Synthetic Datasets for Program Similarity Research
Alexander Interrante-Grant, Michael Wang, Lisa Baer, Ryan Whelan, Tim, Leek

TL;DR
This paper introduces HELIX, a framework for generating large, realistic synthetic datasets for program similarity research, addressing the scarcity and quality issues of existing datasets.
Contribution
The paper presents HELIX and Blind HELIX, novel tools for creating and extracting synthetic program similarity datasets with practical ground truth labels.
Findings
HELIX can generate large, realistic datasets for program similarity research.
Program similarity tools perform differently on HELIX datasets compared to handcrafted datasets.

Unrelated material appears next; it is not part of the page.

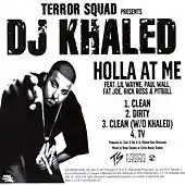 "Holla at Me" is a song by DJ Khaled, released as the first single from his debut album Listennn... the Album, featuring Lil Wayne, Paul Wall, Fat Joe, Rick Ross and Pitbull. The song was produced by Cool & Dre, while sampling Afrika Bambaataa & the Soulsonic Force's 1983 song "Looking for the Perfect Beat." The song has peaked at number 15 on the US Hot Rap Tracks chart in June 2006.[1]

Blind HELIX automates extraction of dataset components from library code.
Abstract
Program similarity has become an increasingly popular area of research with various security applications such as plagiarism detection, author identification, and malware analysis. However, program similarity research faces a few unique dataset quality problems in evaluating the effectiveness of novel approaches. First, few high-quality datasets for binary program similarity exist and are widely used in this domain. Second, there are potentially many different, disparate definitions of what makes one program similar to another and in many cases there is often a large semantic gap between the labels provided by a dataset and any useful notion of behavioral or semantic similarity. In this paper, we present HELIX - a framework for generating large, synthetic program similarity datasets. We also introduce Blind HELIX, a tool built on top of HELIX for extracting HELIX components from library…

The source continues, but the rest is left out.